À mesure que la famine s’aggrave, l’horreur culmine :
רְאֵה יְהוָה וְהַבִּיטָה: לְמִי עוֹלַלְתָּ כֹּה, אִם תֹּאכַלְנָה נָשִׁים פִּרְיָם, עֹלֲלֵי טִפֻּחִים ?
Vois, Éternel, les femmes doivent-elles manger leur propre fruit, les enfants dont elles prennent soin ?
(Lamentations 2:20)
De ne pas pouvoir les nourrir, les mères en viennent maintenant à manger leurs enfants morts. Le cannibalisme est un thème qui revient souvent dans les récits de sièges. On en connaît des cas dans l’histoire, même récente, en condition extrême de survie. L’image des mères mangeant les enfants qu’elles ont autrefois allaités, est glaçante.

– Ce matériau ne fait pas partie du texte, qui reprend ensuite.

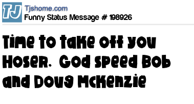 X says Time to take off you Hoser. God speed Bob and Doug Mckenzie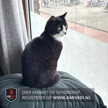 | Signalement | Egaal zwarte kat/poes met een witte bles, snuit en een zwarte stip op de neus. Volle witte bef en borst, als je goed kijkt lijkt het of hij zwart/donkergrijs gestreept is. |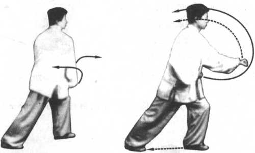 1 .接上式,右脚随上体左转束身收回至左脚前,再随上体 右转向右前方迈进一步落地;左脚后蹬,左腿绷直展身,成为右 三角步;同时,右拳变为掌,右掌护左拳顺弧向左上起领拨,再随 上体右转展身和左臂外旋,经下腹向右翻转上起至上体右前方, 左拳变为拳心向左,拳面向上,与嘴相平;右掌翻转变为掌心向 前,掌指向上,与左拳面相平;两臂屈肘,右肘靠右肋。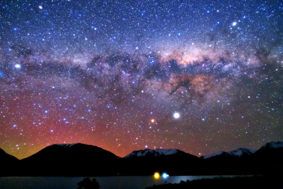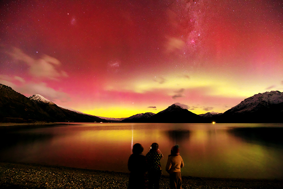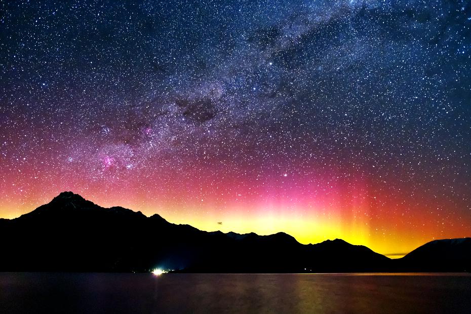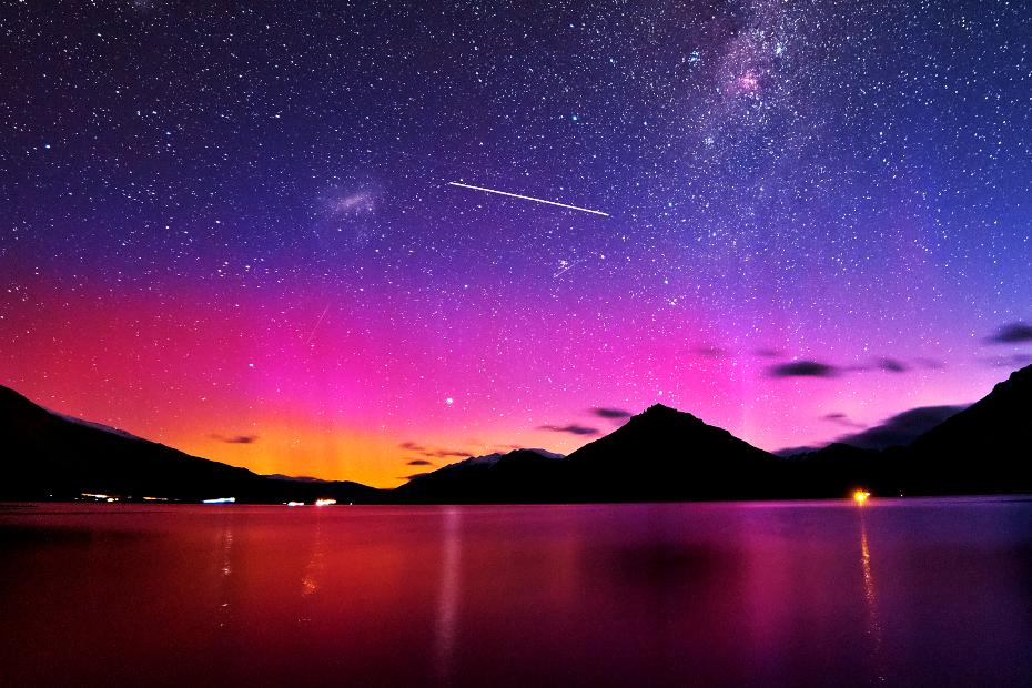 ニュージーランド南島クィーンズタウンで、現地5日21時25分(世界時5日9時25分)に撮影されたオーロラ。

Et puis, c’est le silence :
דָּבַק לְשׁוֹן יוֹנֵק אֶל חִכּוֹ בַּצָּמָא, עוֹלָלִים שָׁאֲלוּ לֶחֶם פֹּרֵשׂ אֵין לָהֶם.
La langue du bébé colle à son palais, par la soif. Les enfants demandent du pain, mais personne ne leur en donne.
(Lamentations 4:4)
Plus de cris, plus de larmes. Trop faible pour téter, trop faibles pour pleurer.

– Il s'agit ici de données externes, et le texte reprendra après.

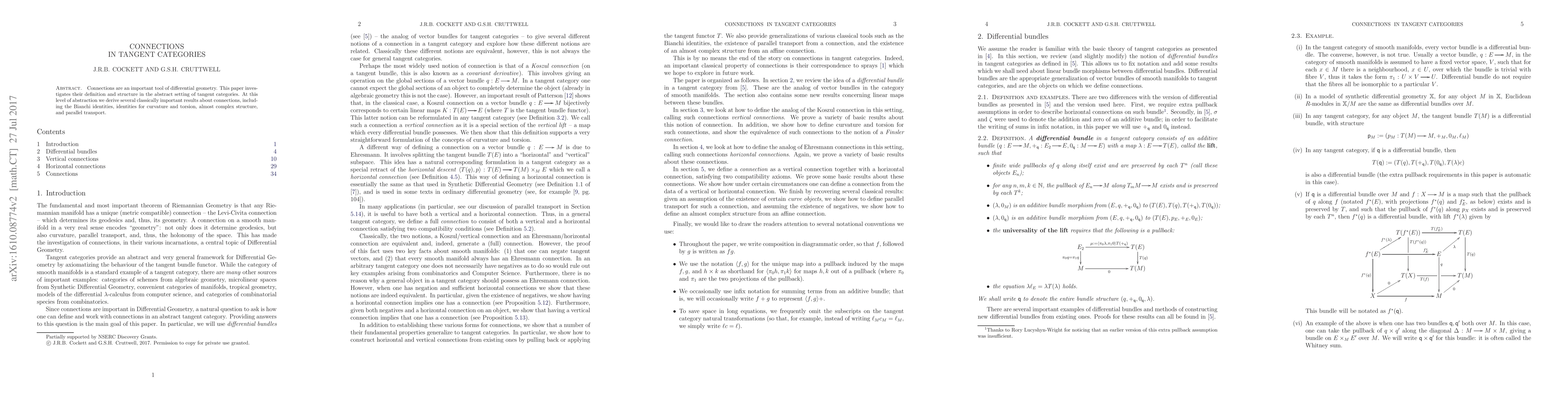 This paper investigates connections in tangent categories, deriving Bianchi identities and other results for curvature, torsion, complex structure, and parallel transport.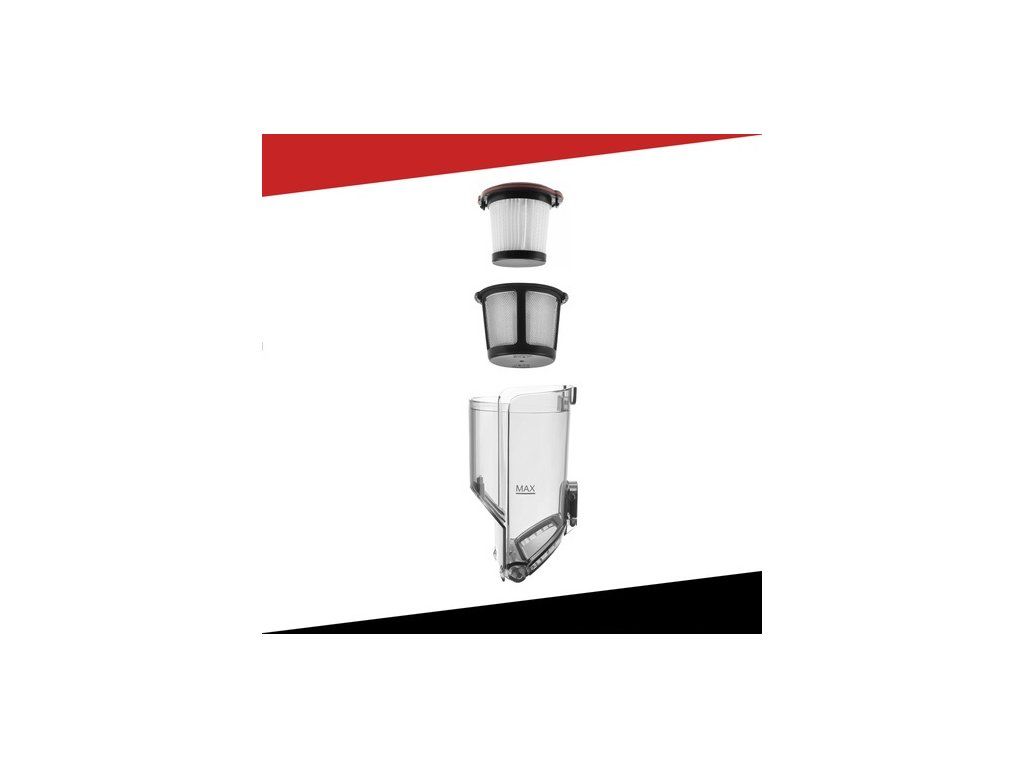 Curățarea recipientului este ușoară. Apăsați butonul aspiratorului pentru a debloca filtrul. Scoateți filtrul, curățați-l, apoi introduceți-l la loc și închideți recipientul.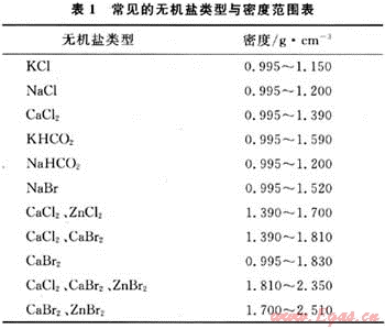 完井液、壓井液體系所采用的加重材料主要是可溶性無機鹽類,主要用來增加或調節完井液、壓井液的密度,常見的無機鹽及其密度范圍,見表1。對高含H2S的油氣井,進行完井修井作業所采用的體系中不宜采用ZnCl2、ZnBr2作為加重材料,除非采用新型除硫劑技術,以免因產生ZnS沉淀破壞液體性能的穩定性,甚至誘發井下安全事故發生和損害地層。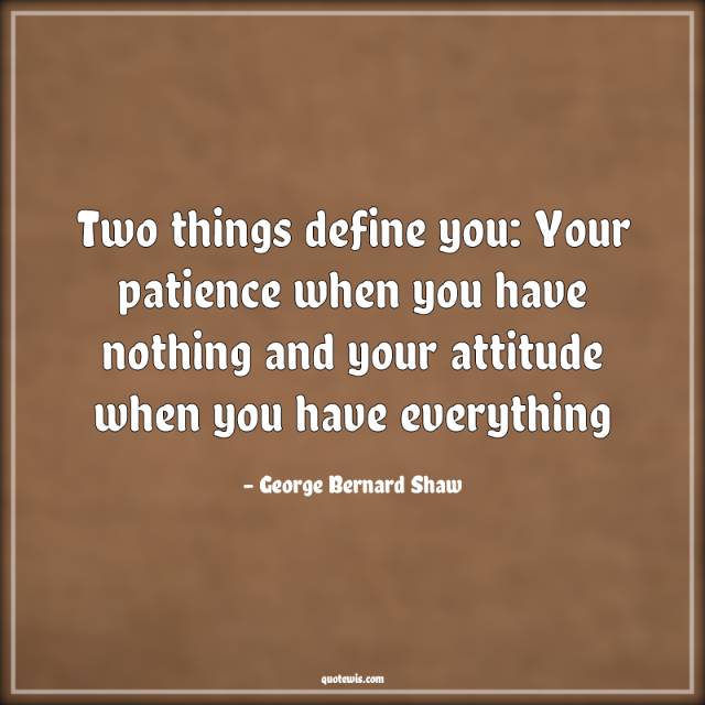 Two things define you: Your patience when you have nothing and your attitude when you have everything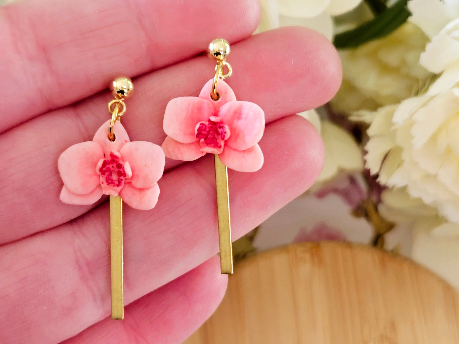 Elevate your style with the exquisite beauty of our Orchid Earrings. Each pair is meticulously handcrafted from polymer clay, capturing the delicate allure of orchids in full bloom. The vibrant petals, shaped with artistic precision, boast a radiant palette of colors that mirror the natural splendor of these beautiful flowers.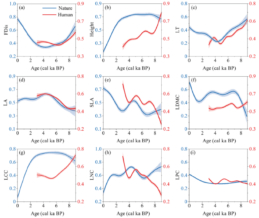 图5. 近9000年来浙江地区植物群落功能分异度FDis及植物功能性状的变化:Wang HY, Jin YL, Li K*, Liao MN*, Liu Y, Ma CM, Ye W, Zhang Y, Luo YK, Ni J. 2024. Holocene Neolithic human activity shaped ecosystem functions through the altering of vegetation traits in Zhejiang, eastern China. Quaternary Science Reviews, 335: 108762. https://doi.org/10.1016/j.quascirev.2024.108762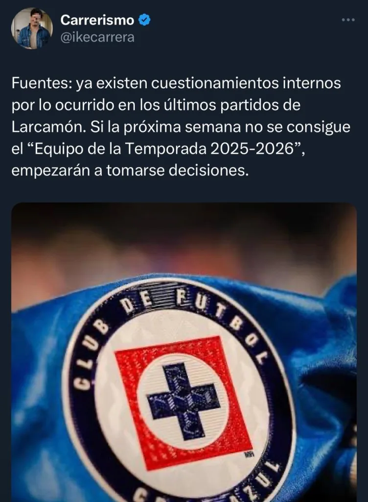 De acuerdo con la información del periodista Ike Carrera, ya existen cuestionamientos internos en Cruz Azul por los últimos resultados del equipo. Por ello, si a partir de la próxima semana no se consigue él “equipo de la temporada 2025-2026”, se tomarán decisiones.
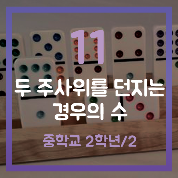 확률 단원은 문제 상황이 다양하게 주어지고, 수학적 개념을 적용시켜야 합니다. 이번 단원부터는 문제를 유형별로 다뤄보고 어떻게 풀 수 있는지 찬찬히 살펴보려고 합니다. 이번 학습지는 두 주사위를 던지는 유형으로 순서쌍을 놓아 경우의 수를 구해보아야 합니다.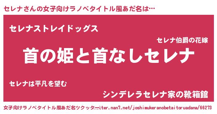 | 男性向けラノベタイトル風あだ名 | 『はたらくセレナさま!』『緋弾のセレナ』 |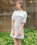 ツイードのチェック柄がキャッチーなミニワンピース👗✨お袖のパフやフリルでよりガーリーな印象にしてくれます💞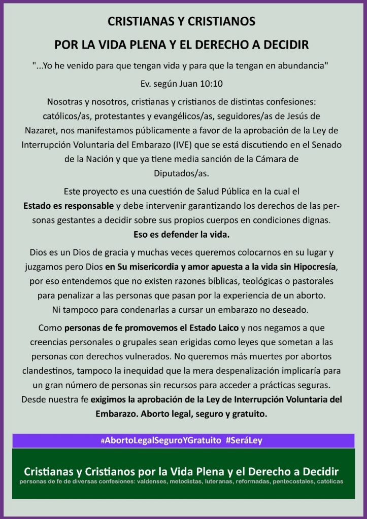 «Como personas de fe promovemos el Estado Laico y nos negamos a que creencias personales o grupales sean erigidas como leyes que sometan a las personas con derechos vulnerados. No queremos más muertes por abortos clandestinos, tampoco la inequidad que la mera despenalización implicaría para un gran número de personas sin recursos para acceder a prácticas seguras. Desde nuestra fe exigimos la aprobación de la Ley de Interrupción Voluntaria del Embarazo. Aborto legal, seguro y gratuito», finalizan.

טוֹבִים הָיוּ חַלְלֵי חֶרֶב מֵחַלְלֵי רָעָב.
Mieux vaut tomber par l’épée que mourir de faim.
(Lamentations 4:9)
Voilà ce qui se passe quand on affame les gens. L’effondrement total de l’humain. Nulle part la réalité n’est plus palpable que dans ces descriptions de la famine.
2. Refuser le pain
Le chapitre 23 du livre de Devarim interdit aux Moabites et aux Ammonites d’entrer dans l’assemblée d’Israël, même à la dixième génération. Pourquoi une exclusion si radicale ?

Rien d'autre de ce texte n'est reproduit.